The invention discloses an unmanned aerial vehicle target tracking method based on a deep learning algorithm, which comprises the steps of obtaining existing image data for unmanned aerial vehicle target tracking and constructing a training data set; constructing a boundary frame prediction model for unmanned aerial vehicle target tracking and training to obtain a final boundary frame prediction model; inputting a template image of a target and a search image acquired by the unmanned aerial vehicle in real time into a boundary frame prediction model to obtain a target boundary frame; tracking the target by adopting a target boundary box; repeating the steps, and adopting the unmanned aerial vehicle to complete real-time tracking of the target. The invention also discloses a simulation system comprising the unmanned aerial vehicle target tracking method based on the deep learning algorithm. According to the invention, through the design of an innovative target tracking method, the unmanned aerial vehicle tracking of the target is realized, and the reliability is high, the accuracy is good and the efficiency is high; meanwhile, based on the simulation system provided by the invention, the complex scene adaptability of unmanned aerial vehicle target tracking can be improved.

Description

Unmanned aerial vehicle target tracking method and simulation system based on deep learning algorithm
Technical Field
The invention belongs to the technical field of target tracking, and particularly relates to an unmanned aerial vehicle target tracking method and a simulation system based on a deep learning algorithm.
Background
Along with the development of economic technology, unmanned aerial vehicles are widely applied to the production and life of people, and bring endless convenience to the production and life of people. Unmanned aerial vehicle target tracking is the hotspot problem of unmanned aerial vehicle application field, and its aim at control unmanned aerial vehicle is continuous to target tracking to realize specific purpose, such as target tracking, demarcation of target motion track, target follow-up beat etc..

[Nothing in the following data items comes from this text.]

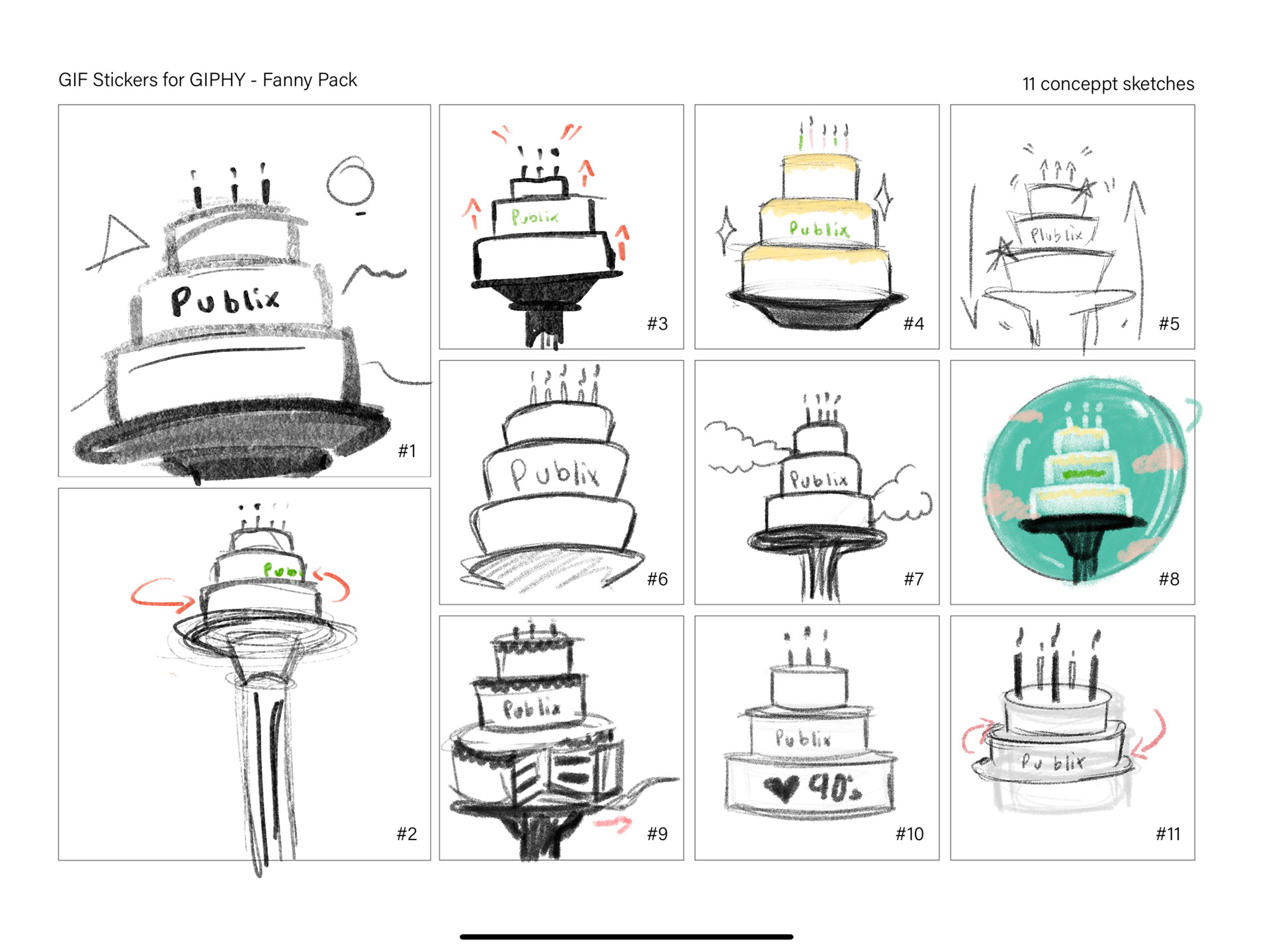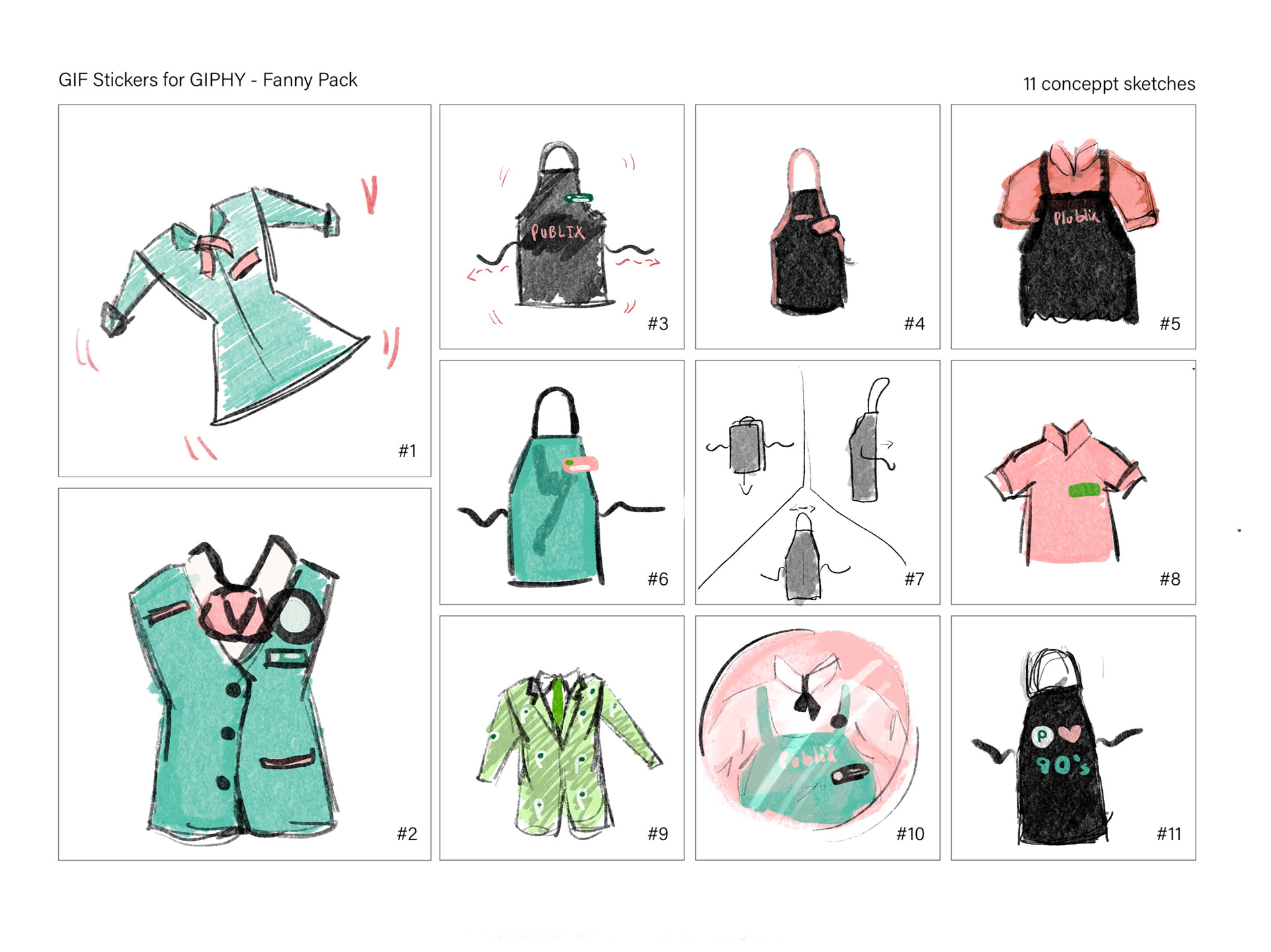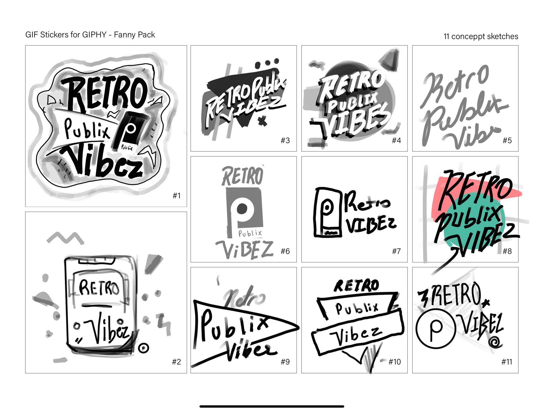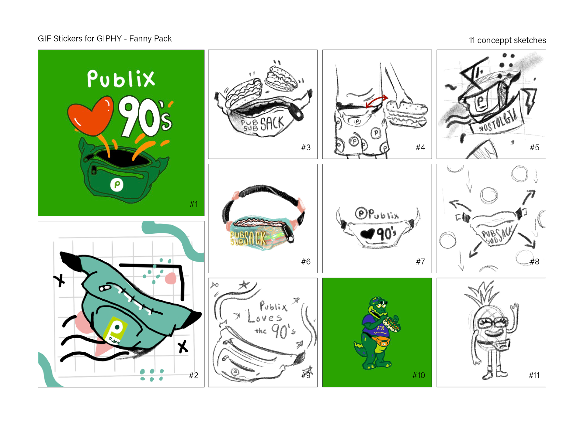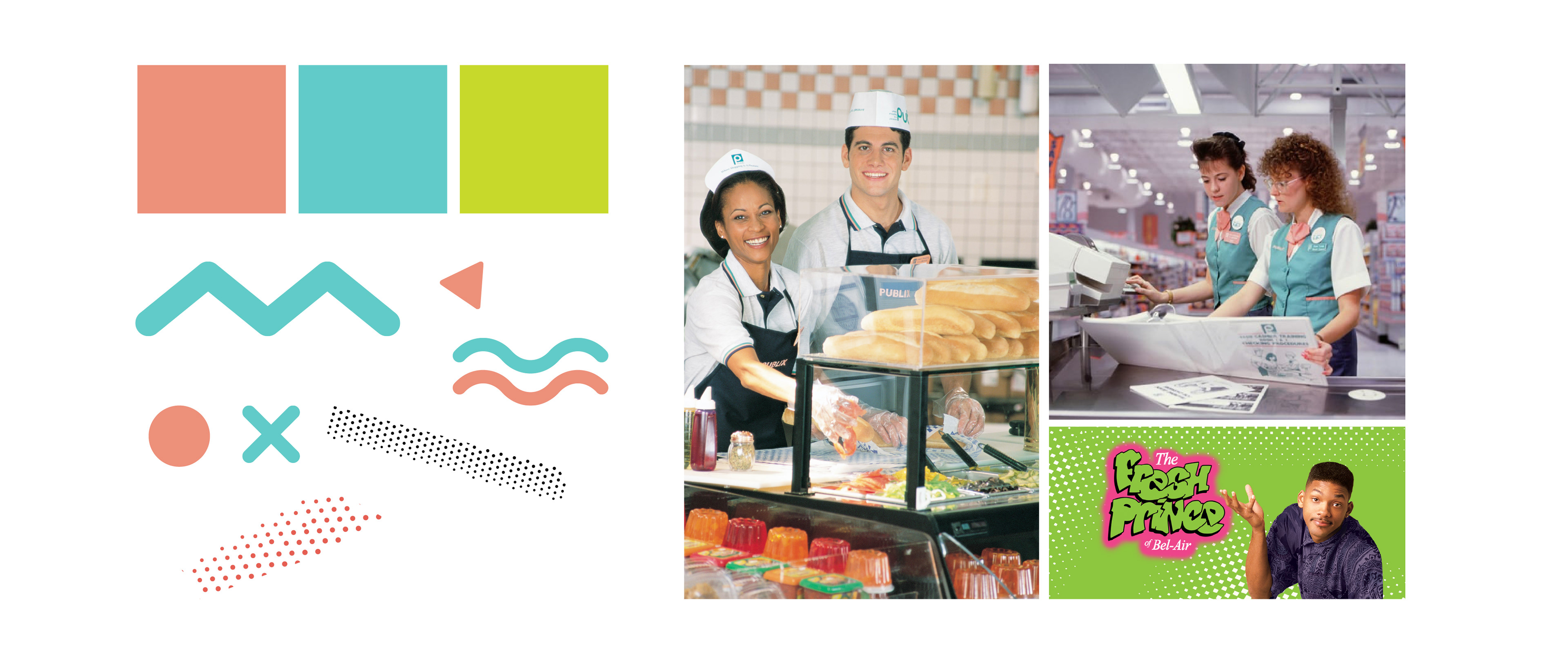 As the lead designer, I drew inspiration from throwback Publix photos, including the store's interior designs and uniforms. The visual development is influenced by 90s pop culture, but mainly Publix's stores, teal, and coral color palette. Regarding the T-shirt illustration, you may find a "Fresh Prince Flair" and a warm nostalgia toward our retro Publix icon GIPHY's, which garnered 7.3 MILLION views on their own.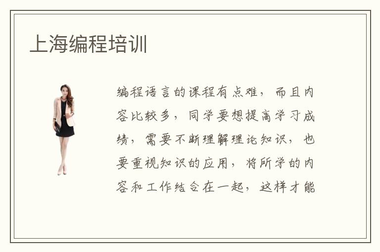 編程語言的課程有點(diǎn)難,而且內(nèi)容比較多,同學(xué)要想提高學(xué)習(xí)成績(jī),需要不斷理解理論知識(shí),也要重視知識(shí)的應(yīng)用,將所學(xué)的內(nèi)容和工作結(jié)合在一起,這樣才能真正發(fā)揮出學(xué)習(xí)應(yīng)有的價(jià)值。如果總是關(guān)注理論,不懂得怎么應(yīng)用,確實(shí)會(huì)遇到很多難題。上海編程培訓(xùn)編程培訓(xùn)學(xué)校可以介紹多種多樣的課程,無論是網(wǎng)絡(luò)授課,還是1對(duì)1授課,都有大量的學(xué)員報(bào)名。比如不少同學(xué)時(shí)間不夠用,可以著重關(guān)注網(wǎng)絡(luò)課程。有的人覺得自己的學(xué)習(xí)狀態(tài)不夠好,需要有老師監(jiān)督,也可以考慮1對(duì)1授課。編程培訓(xùn)如何找,編程工程師好不好找工作,工程師很好找工作,因?yàn)槭袌?chǎng)需求量相當(dāng)大,每年都會(huì)有大量的軟件技術(shù)公司聘請(qǐng)編程工程師。不過工程師要有很強(qiáng)的專業(yè)實(shí)力,才能得到高的待遇,獲得更多工作優(yōu)勢(shì)。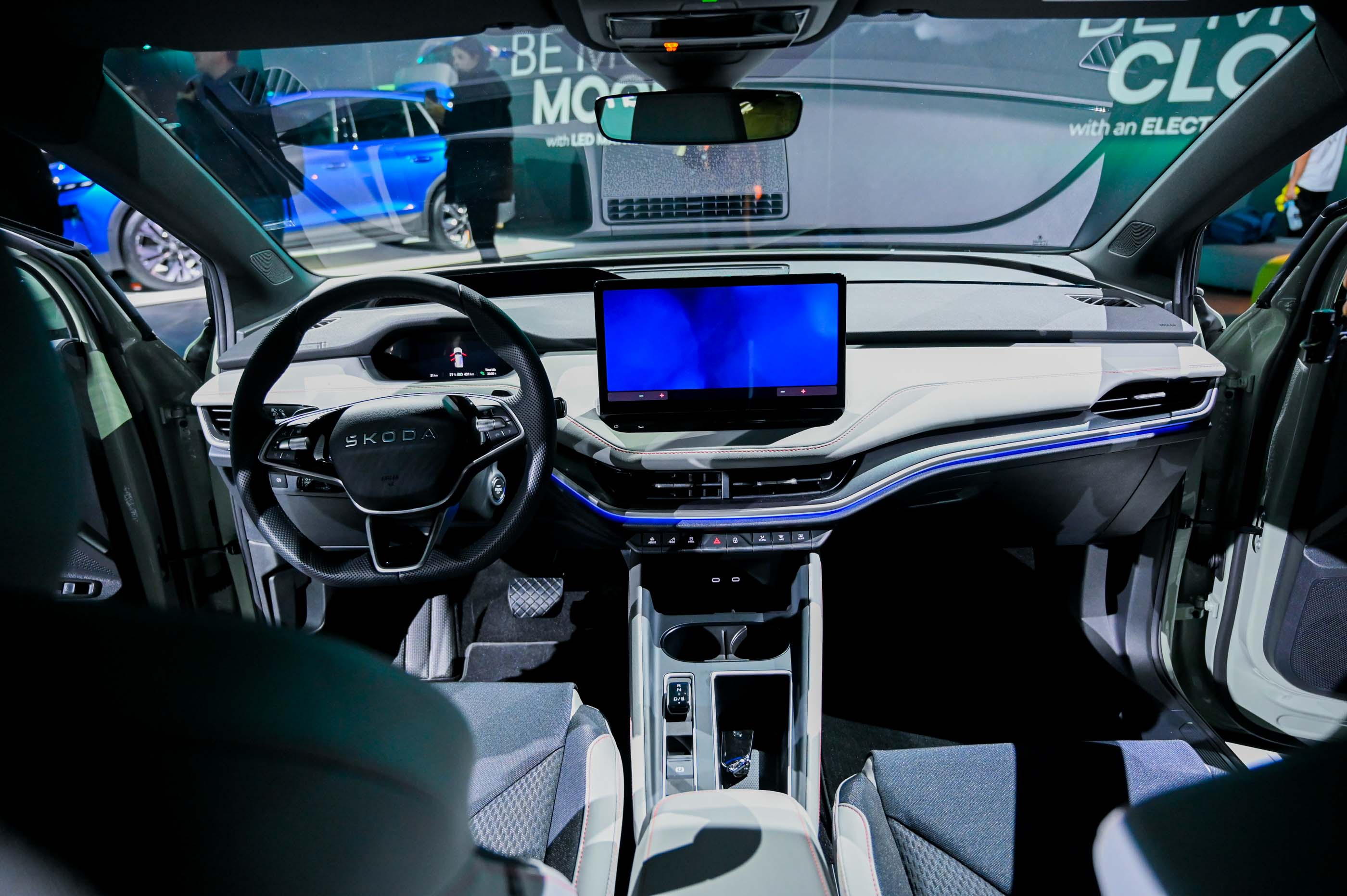 V kabini velja izpostaviti za ta avtomobilski razred zelo dobre materiale, odlično ergonomijo, pregledno armaturno ploščo z novo generacijo 13-palčnega komunikacijskega zaslona visoke ločljivosti in praktičnost, saj je okoli voznika in sovoznika ter ostalih potnikov za 48 litrov odlagalnih mest. Ob tem velja poudariti, da bo elroq vozniku ponujal zelo izdatno pomoč z aktivnimi varnostnimi sistemi ter pri digitalnih storitvah pomagal z umetno inteligenco ChatGPT.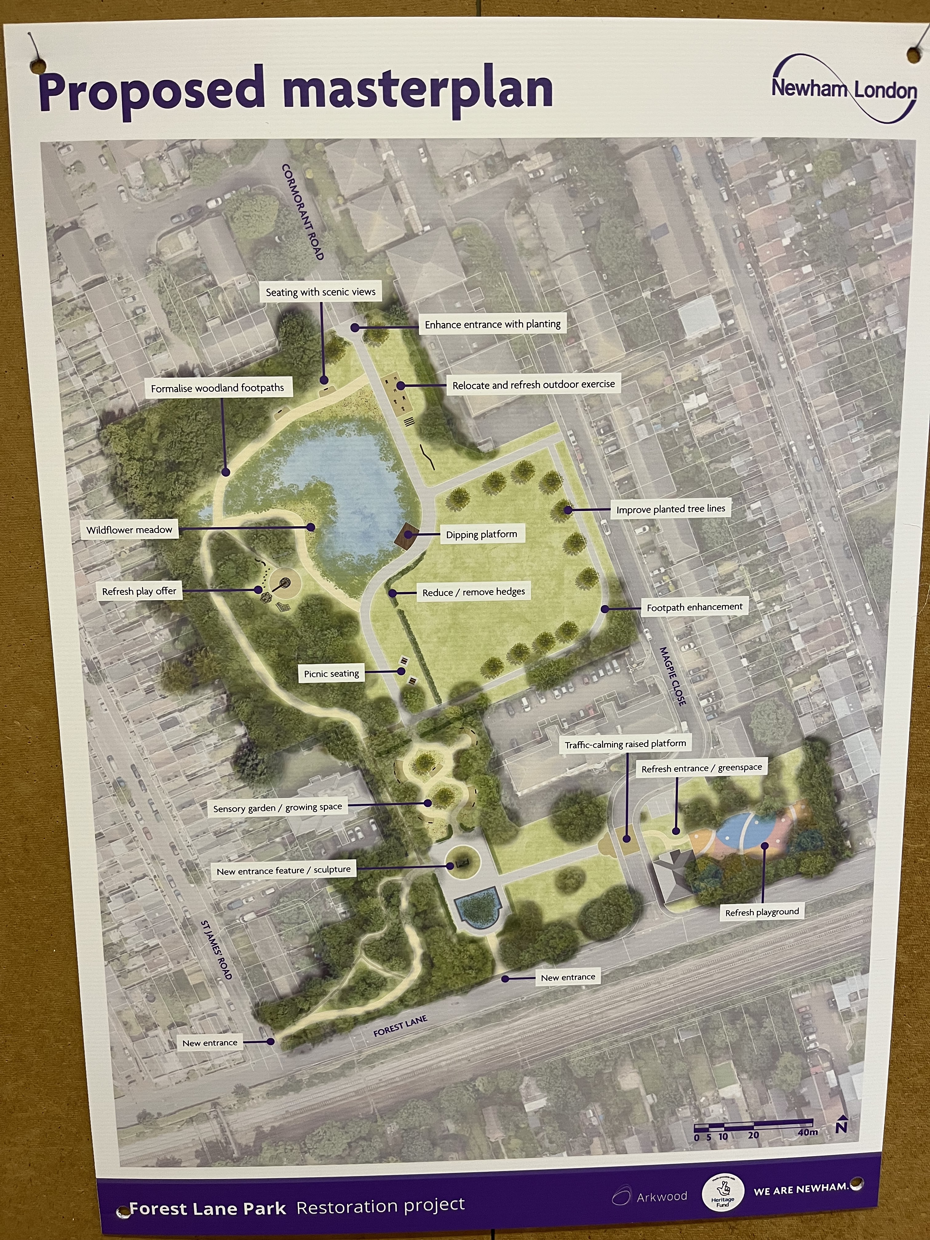 There was a meeting at Magpie Lodge in the park in January, to share some updates about the work planned to improve Forest Lane Park. I wanted to share some of that here.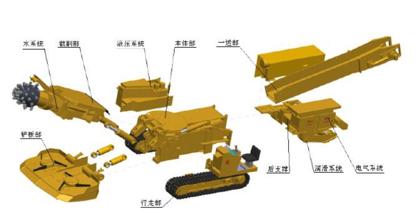 7、设备启动前务必要确认所有人已经远离以下六大危险区域:1)铲板前方和侧面2)截割部和四周3)履带两侧4)第一运输机上方5)油箱和电控箱的后部及侧面6)第二运输机下方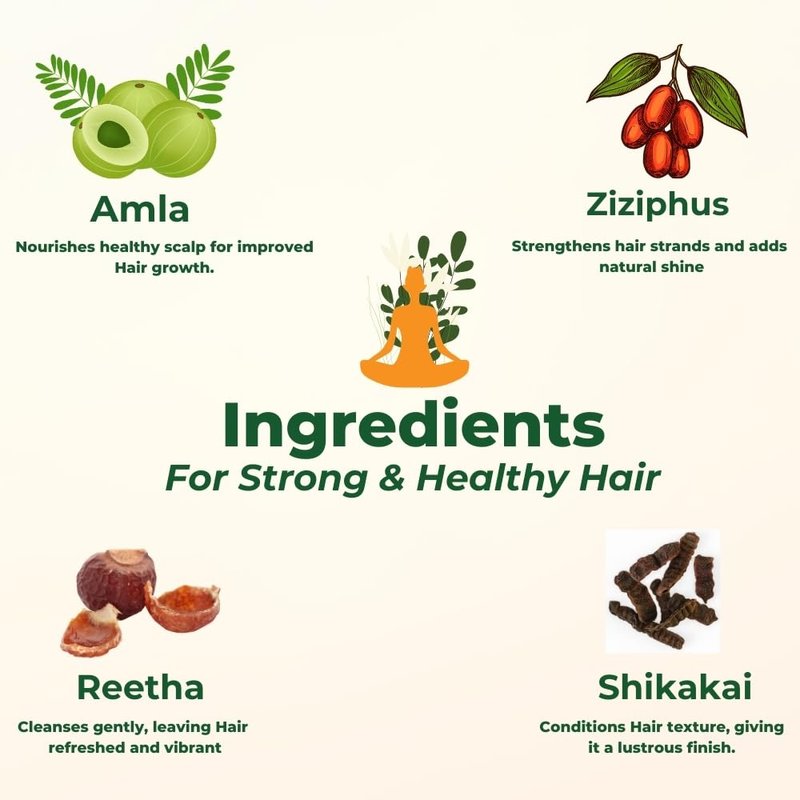 - Goodness of Premium Ingredients: Experience the power of our premium ingredients, Amla- Amla is considered as a preventive against premature graying of the hair and hair loss. It strengthens and gives volume and shine. Shikakai-Shikakai Powder is a scalp cleanser while makes the hair soft and silky. Reetha- makes your hair shiner, smoother, and more beautiful.

In the field of unmanned aerial vehicle target tracking, two main problems exist at present: firstly, in the target tracking process of the unmanned aerial vehicle, the conditions of rapid movement, scale change, severe deformation, target shielding and the like of the target greatly interfere with the target tracking process of the unmanned aerial vehicle, and the tracking difficulty and the tracking process accuracy are accelerated; secondly, in the tracking algorithm test (or tracking algorithm trial-and-error) process of the unmanned aerial vehicle in the target tracking process, the test cost of the unmanned aerial vehicle, especially the trial-and-error cost is high.
At present, in the target tracking process of the traditional unmanned aerial vehicle, the characteristics of a target need to be manually extracted firstly; the process is time-consuming and labor-consuming, and a series of problems such as weak anti-interference capability, poor real-time performance, easy target loss and the like can be caused in the implementation process; this makes the reliability and accuracy of existing drone target tracking schemes poor. Moreover, at present, the traditional unmanned aerial vehicle test or trial-and-error process lacks a corresponding and reliable simulation system, and the feasibility test difficulty and the test cost of the unmanned aerial vehicle tracking scheme are greatly increased.
Disclosure of Invention
The invention aims to provide an unmanned aerial vehicle target tracking method based on a deep learning algorithm, which is high in reliability, accuracy and efficiency.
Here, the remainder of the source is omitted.